Data provided –
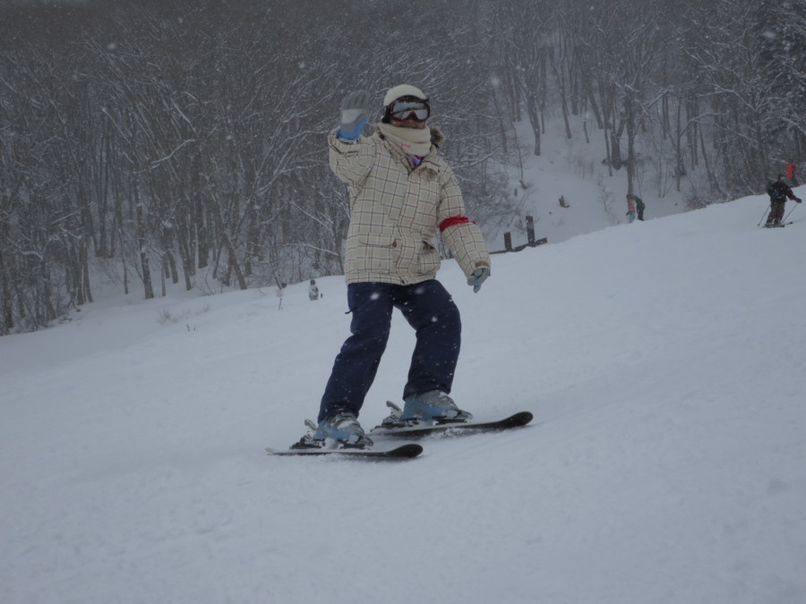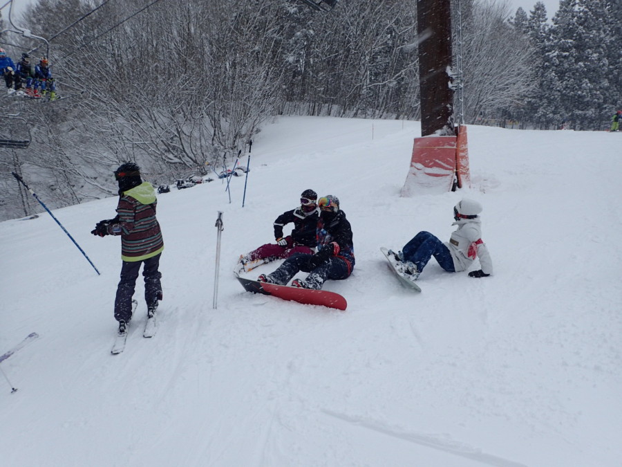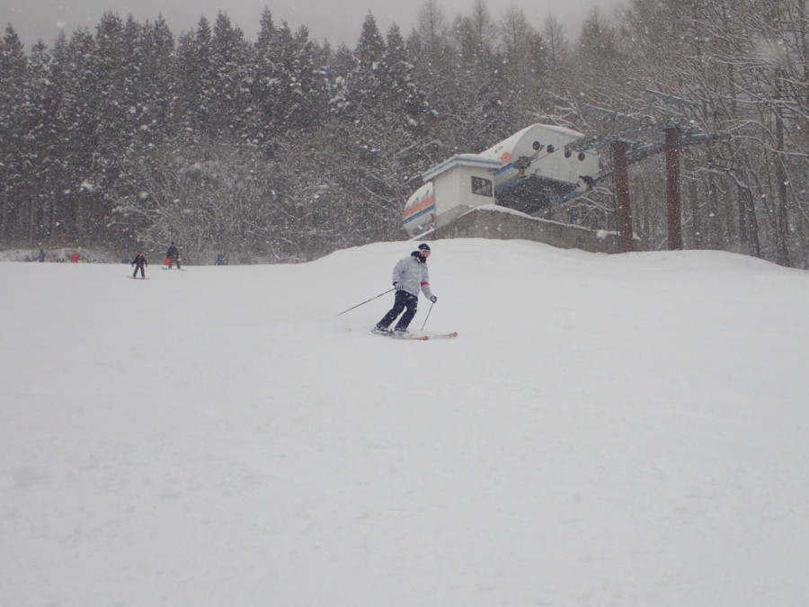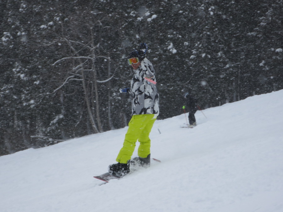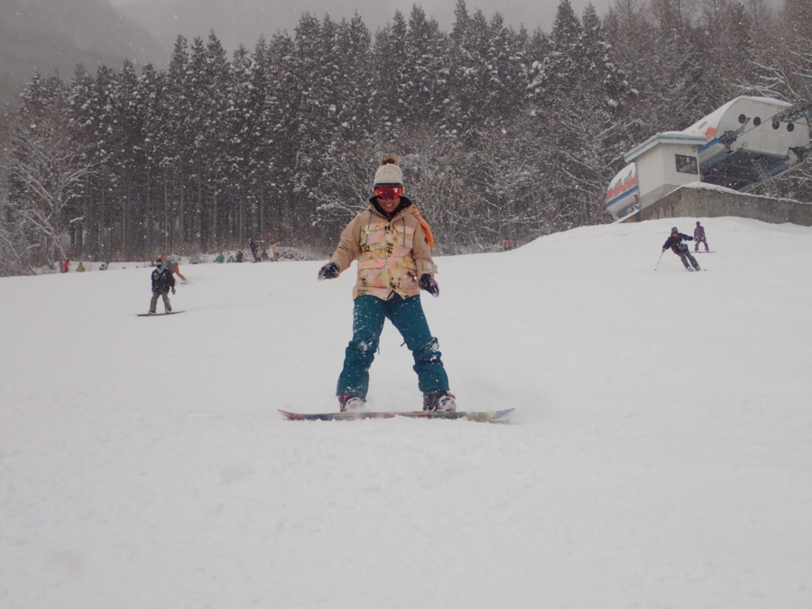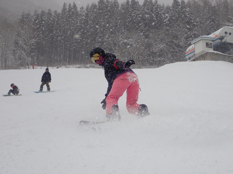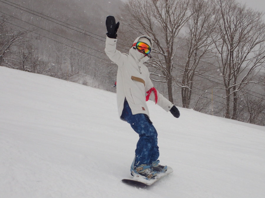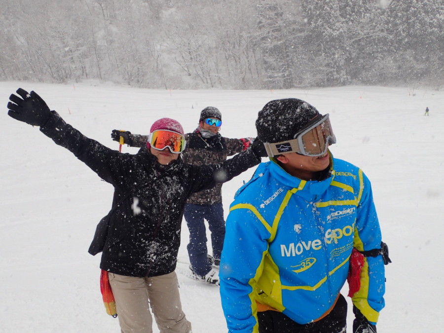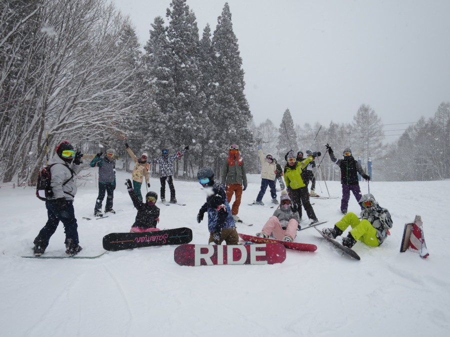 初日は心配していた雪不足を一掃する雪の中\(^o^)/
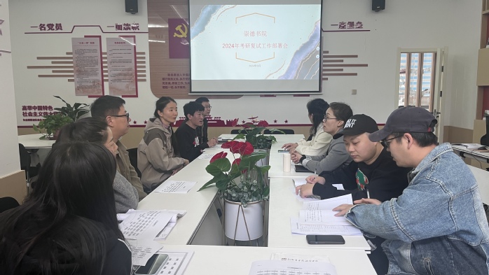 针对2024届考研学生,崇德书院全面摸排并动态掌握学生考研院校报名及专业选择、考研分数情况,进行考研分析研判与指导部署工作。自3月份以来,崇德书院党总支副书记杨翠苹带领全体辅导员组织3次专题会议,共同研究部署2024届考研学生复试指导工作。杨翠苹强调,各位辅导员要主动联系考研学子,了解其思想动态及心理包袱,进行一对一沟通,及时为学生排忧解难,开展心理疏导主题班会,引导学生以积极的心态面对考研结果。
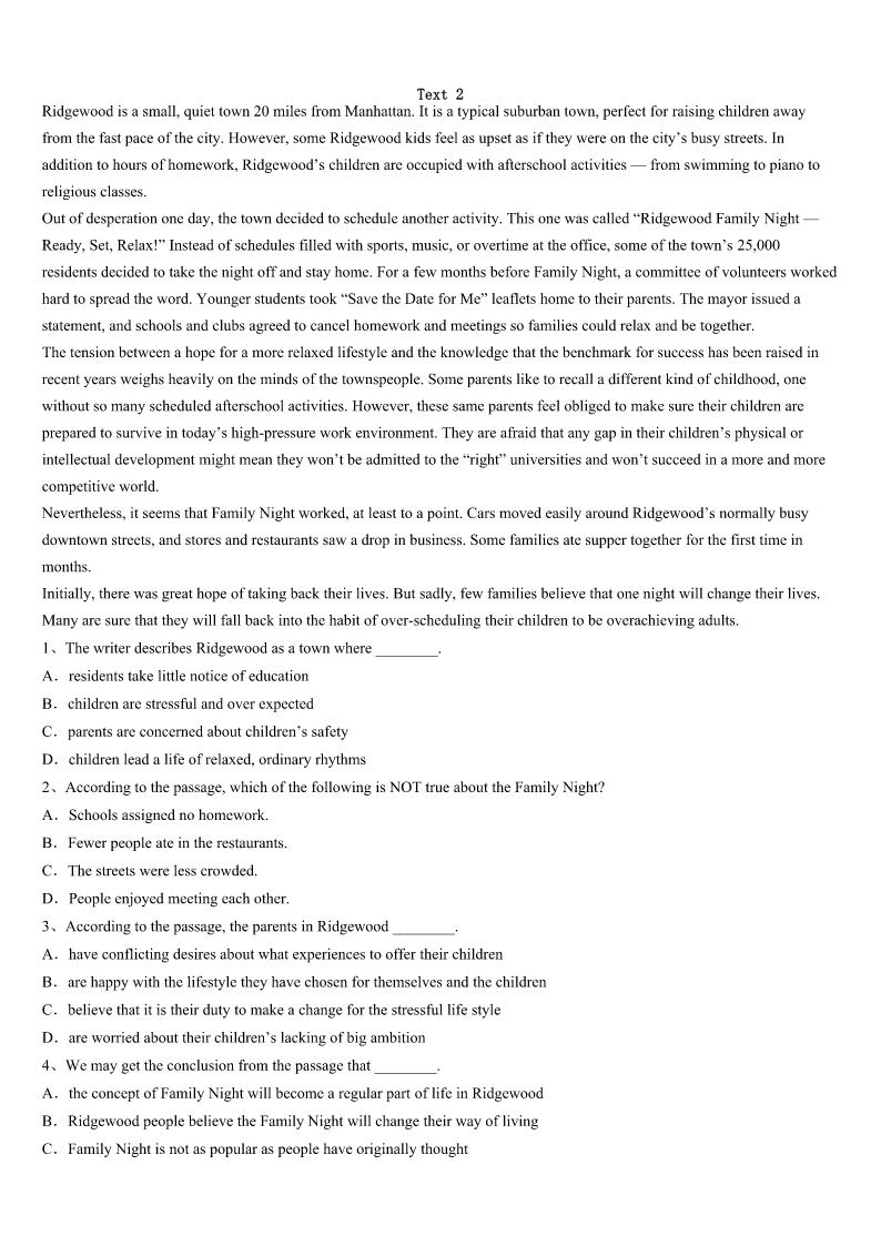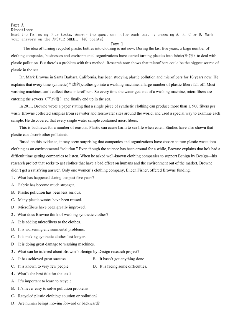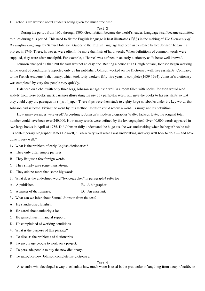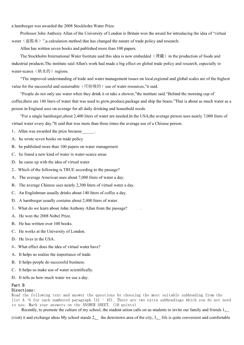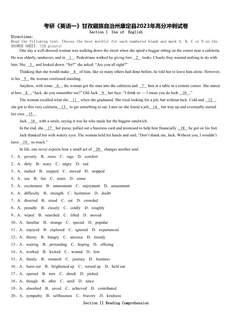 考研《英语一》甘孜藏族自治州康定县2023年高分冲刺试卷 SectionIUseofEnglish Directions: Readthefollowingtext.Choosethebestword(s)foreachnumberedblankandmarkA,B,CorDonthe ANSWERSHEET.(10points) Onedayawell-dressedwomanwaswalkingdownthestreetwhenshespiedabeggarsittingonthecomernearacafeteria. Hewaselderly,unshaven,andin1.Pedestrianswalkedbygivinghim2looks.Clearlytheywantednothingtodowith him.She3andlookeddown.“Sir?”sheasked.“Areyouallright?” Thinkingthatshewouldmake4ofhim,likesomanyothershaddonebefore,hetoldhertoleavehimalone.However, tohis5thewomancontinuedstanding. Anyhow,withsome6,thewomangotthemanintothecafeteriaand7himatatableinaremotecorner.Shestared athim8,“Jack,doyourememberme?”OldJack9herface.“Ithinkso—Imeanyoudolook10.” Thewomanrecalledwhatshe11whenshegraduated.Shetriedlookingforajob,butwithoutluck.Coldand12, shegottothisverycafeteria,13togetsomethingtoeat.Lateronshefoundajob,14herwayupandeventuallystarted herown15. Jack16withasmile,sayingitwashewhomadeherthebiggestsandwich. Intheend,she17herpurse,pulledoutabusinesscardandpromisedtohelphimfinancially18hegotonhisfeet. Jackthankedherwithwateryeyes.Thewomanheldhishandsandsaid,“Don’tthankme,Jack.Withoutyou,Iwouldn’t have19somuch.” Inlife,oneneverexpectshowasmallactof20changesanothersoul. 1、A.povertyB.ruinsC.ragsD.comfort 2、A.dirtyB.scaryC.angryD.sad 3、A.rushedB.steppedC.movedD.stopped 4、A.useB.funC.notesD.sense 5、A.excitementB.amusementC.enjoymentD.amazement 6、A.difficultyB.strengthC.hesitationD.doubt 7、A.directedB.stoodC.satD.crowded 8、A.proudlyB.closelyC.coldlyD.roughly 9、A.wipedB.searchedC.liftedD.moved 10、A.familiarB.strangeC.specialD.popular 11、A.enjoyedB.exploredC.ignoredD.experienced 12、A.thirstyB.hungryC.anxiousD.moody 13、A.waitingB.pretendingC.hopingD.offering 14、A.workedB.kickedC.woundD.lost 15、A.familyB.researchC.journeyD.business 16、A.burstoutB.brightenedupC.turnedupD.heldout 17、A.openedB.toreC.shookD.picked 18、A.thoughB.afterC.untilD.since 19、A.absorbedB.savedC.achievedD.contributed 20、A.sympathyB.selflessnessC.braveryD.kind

What to do – Take the line with "针对2024届考研学生,崇德" and each line after it through the end of the material above, and reproduce them exactly, without the pictures.

Task answer –
 针对2024届考研学生,崇德书院全面摸排并动态掌握学生考研院校报名及专业选择、考研分数情况,进行考研分析研判与指导部署工作。自3月份以来,崇德书院党总支副书记杨翠苹带领全体辅导员组织3次专题会议,共同研究部署2024届考研学生复试指导工作。杨翠苹强调,各位辅导员要主动联系考研学子,了解其思想动态及心理包袱,进行一对一沟通,及时为学生排忧解难,开展心理疏导主题班会,引导学生以积极的心态面对考研结果。
 考研《英语一》甘孜藏族自治州康定县2023年高分冲刺试卷 SectionIUseofEnglish Directions: Readthefollowingtext.Choosethebestword(s)foreachnumberedblankandmarkA,B,CorDonthe ANSWERSHEET.(10points) Onedayawell-dressedwomanwaswalkingdownthestreetwhenshespiedabeggarsittingonthecomernearacafeteria. Hewaselderly,unshaven,andin1.Pedestrianswalkedbygivinghim2looks.Clearlytheywantednothingtodowith him.She3andlookeddown.“Sir?”sheasked.“Areyouallright?” Thinkingthatshewouldmake4ofhim,likesomanyothershaddonebefore,hetoldhertoleavehimalone.However, tohis5thewomancontinuedstanding. Anyhow,withsome6,thewomangotthemanintothecafeteriaand7himatatableinaremotecorner.Shestared athim8,“Jack,doyourememberme?”OldJack9herface.“Ithinkso—Imeanyoudolook10.” Thewomanrecalledwhatshe11whenshegraduated.Shetriedlookingforajob,butwithoutluck.Coldand12, shegottothisverycafeteria,13togetsomethingtoeat.Lateronshefoundajob,14herwayupandeventuallystarted herown15. Jack16withasmile,sayingitwashewhomadeherthebiggestsandwich. Intheend,she17herpurse,pulledoutabusinesscardandpromisedtohelphimfinancially18hegotonhisfeet. Jackthankedherwithwateryeyes.Thewomanheldhishandsandsaid,“Don’tthankme,Jack.Withoutyou,Iwouldn’t have19somuch.” Inlife,oneneverexpectshowasmallactof20changesanothersoul. 1、A.povertyB.ruinsC.ragsD.comfort 2、A.dirtyB.scaryC.angryD.sad 3、A.rushedB.steppedC.movedD.stopped 4、A.useB.funC.notesD.sense 5、A.excitementB.amusementC.enjoymentD.amazement 6、A.difficultyB.strengthC.hesitationD.doubt 7、A.directedB.stoodC.satD.crowded 8、A.proudlyB.closelyC.coldlyD.roughly 9、A.wipedB.searchedC.liftedD.moved 10、A.familiarB.strangeC.specialD.popular 11、A.enjoyedB.exploredC.ignoredD.experienced 12、A.thirstyB.hungryC.anxiousD.moody 13、A.waitingB.pretendingC.hopingD.offering 14、A.workedB.kickedC.woundD.lost 15、A.familyB.researchC.journeyD.business 16、A.burstoutB.brightenedupC.turnedupD.heldout 17、A.openedB.toreC.shookD.picked 18、A.thoughB.afterC.untilD.since 19、A.absorbedB.savedC.achievedD.contributed 20、A.sympathyB.selflessnessC.braveryD.kind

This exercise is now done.